To reduce build times and mask unrelated problems, we're only building and
testing the projects that were modified by a patch.
[choose_projects.py](../scripts/choose_projects.py) uses manually maintained
[config file](../scripts/llvm-dependencies.yaml) to define inter-project
dependencies and exclude projects:

1. Get prefix (e.g. "llvm", "clang") of all paths modified by a patch.

1. Add all dependant projects.

1. Add all projects that this extended list depends on, completing the
dependency subtree.

1. Remove all disabled projects.

# Agent machines

All build machines are running from Docker containers so that they can be
debugged, updated, and scaled easily:

- [Linux](../containers/buildkite-premerge-debian/Dockerfile). We use
[Kubernetes deployment](../kubernetes/buildkite) to manage these agents.
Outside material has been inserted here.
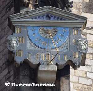 :: DESCRIPCIÓ: Doble rellotge vertical de matí, línies horàries i punts a les mitges hores, interior semicircular i numeració aràbiga (de 6 a 6), exterior quadrat i números romans (de VI a VI), gnòmon (25 cms.) recolzat, elevació 11 mts.

- [Windows](../containers/agent-windows-buildkite/Dockerfile) based on [Windows
vs2019](../containers/agent-windows-vs2019). At the moment they are run as
multiple individual VM instances.

See [playbooks](playbooks.md) how to manage and set up machines.

# Compilation caching

Each build is performed on a clean copy of the git repository. To speed up the
builds [ccache](https://ccache.dev/) is used on Linux and
[sccache](https://github.com/mozilla/sccache) on Windows.

# Buildkite monitoring

VM instance `buildkite-monitoring` exposes Buildkite metrics to GCP.
To set up a new instance:

1. Create as small Linux VM with full access to *Stackdriver Monitoring API*.
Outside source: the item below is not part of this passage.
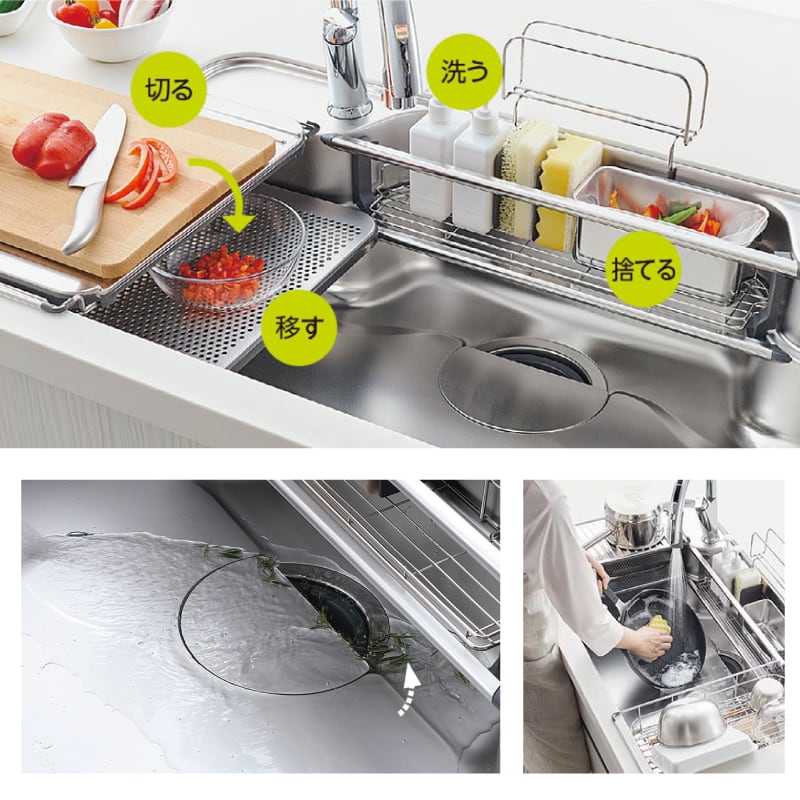 ■フロアユニット:らくパッと収納シェルフ付(シンク下)/スライドストッカー(コンロ下)/スライドストッカー3段引出し(調理台)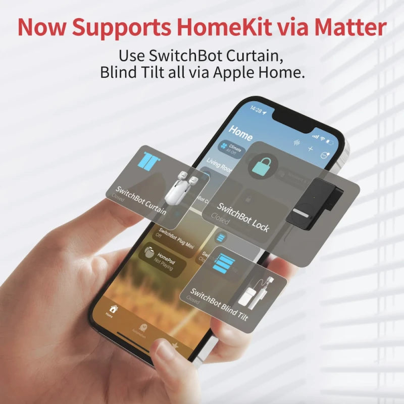 - Devices: SwitchBot Lock, Curtain, Blind Tilt, Pan/Tilt Cam

1. Follow instructions to [install monitoring
agent](https://cloud.google.com/monitoring/agent/install-agent) and [enable
statsd plugin](https://cloud.google.com/monitoring/agent/plugins/statsd).
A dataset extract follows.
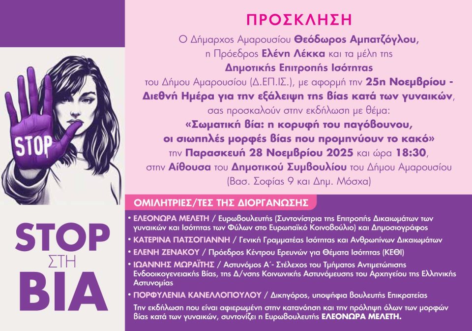 του Δήμου Αμαρουσίου (Δ.ΕΠ.ΙΣ.), με αφορμή την 25η Νοεμβρίου –

1. Download recent release of
[buildkite-agent-metrics](https://github.com/buildkite/buildkite-agent-metrics/releases).

1. Run in SSH session:
```bash
chmod +x buildkite-agent-metrics-linux-amd64
nohup ./buildkite-agent-metrics-linux-amd64 -token XXXX -interval 30s -backend statsd &
```

Metrics are exported as "custom/statsd/gauge".

TODO: update "Testing scripts locally" playbook on how to run Linux build locally with Docker.
TODO: migrate 'builkite-monitoring' to k8s deployment.